In order to permit machine-supported analysis, system models must be formulated in a well-defined notation. In this text, we use a formally defined language called VDM-SL (the Vienna Development Method Specification Language). The Vienna Development Method is a collection of techniques for developing computing systems from models expressed in the language. Since its origin in an industrial environment, VDM has become one of the most widely used of a class of techniques known as model-oriented formal methods. The language VDM-SL was recently standardised by the International Organization for Standardization (ISO). Although VDM-SL is used as a teaching medium in this text, the principles taught apply equally well to other model-based formal methods such as B, RAISE and Z.
In this book we take a pragmatic approach to the use of formal methods. We aim to illustrate the concepts and techniques used in VDM without overwhelming the reader with mathematics. Unlike most teaching texts on formal methods, this book does not treat formal refinement or formal proof. Instead it focuses on the construction of abstract and formal models for a range of computer systems.
Software engineers produce many descriptions: those of the environment or domain in which a desired computing system software is to exist; descriptions of the requirements put on the software; and descriptions of the software design that implements the requirements. Thus the descriptions span the spectrum from application domain, via requirements and software architecture, program organisation and lower level designs, to executable code. While its concerns may be general, software engineering is unique among engineering disciplines in that its primary products are descriptions that must eventually satisfy the laws of mathematical logic and metamathematics.
Other engineering disciplines have to handle a quantum leap into physical reality – the stuff of natural science. In software engineering there is a different quantum leap: that from description to execution. Software engineering is thus about structuring and relating descriptions.

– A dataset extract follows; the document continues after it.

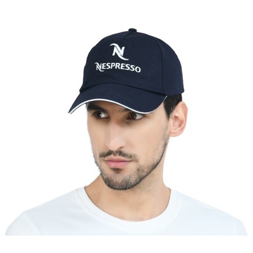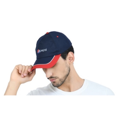 Imported Peak, Imported Fusing Fabric: Cotton Twill (5 Panel) Printing: Raised Embroidery Colour: Navy Blue and Contrast Sandwich Colour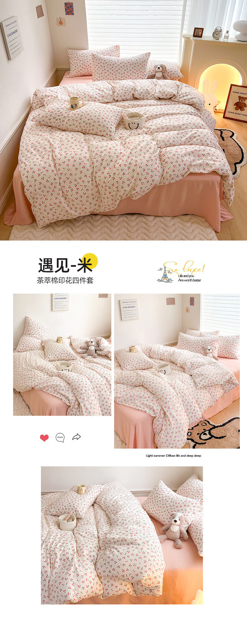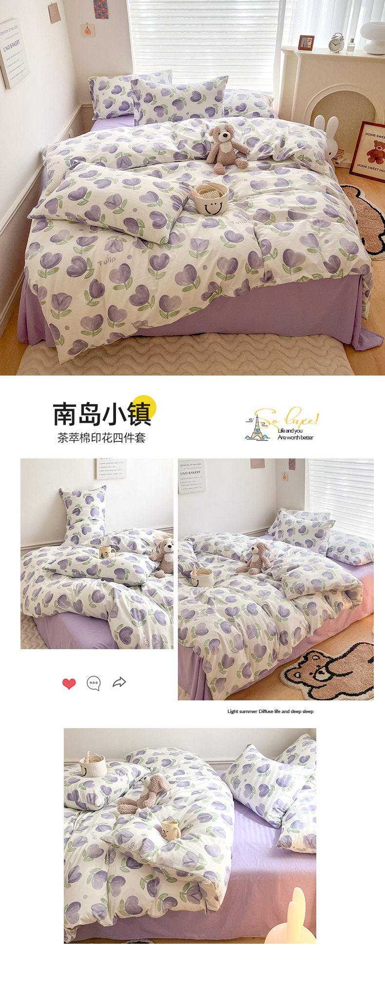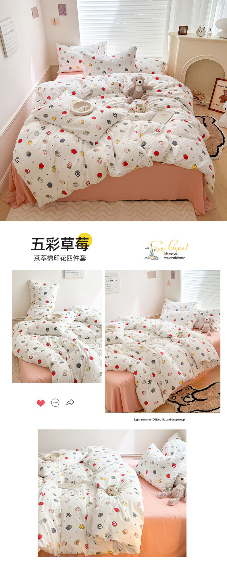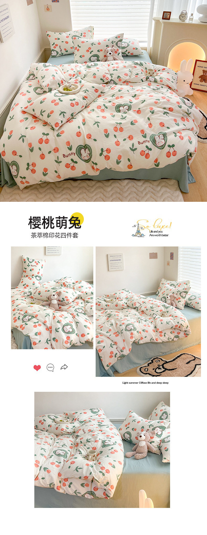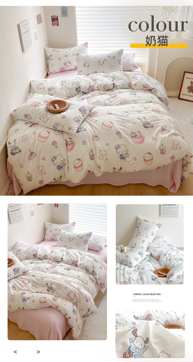 Class A Double-layer Yarn Four-piece Set Student Dormitory Bedding Cartoon Cute Quilt Cover Bed Hat Cotton and Linen Three-piece Set

Abstraction and modelling taken together are the keys to mastering the complexity of environments and systems. Formal specification is employed to express abstractions and to ensure affinity to real domains. Such specifications open up ways to establish the proper relation between domain and requirements models as well as potentially verifying the links between software architecture, requirements models and the stages of design. This increases the chance of achieving a proper fit to the environment, to user expectations and of the correctness of implementation.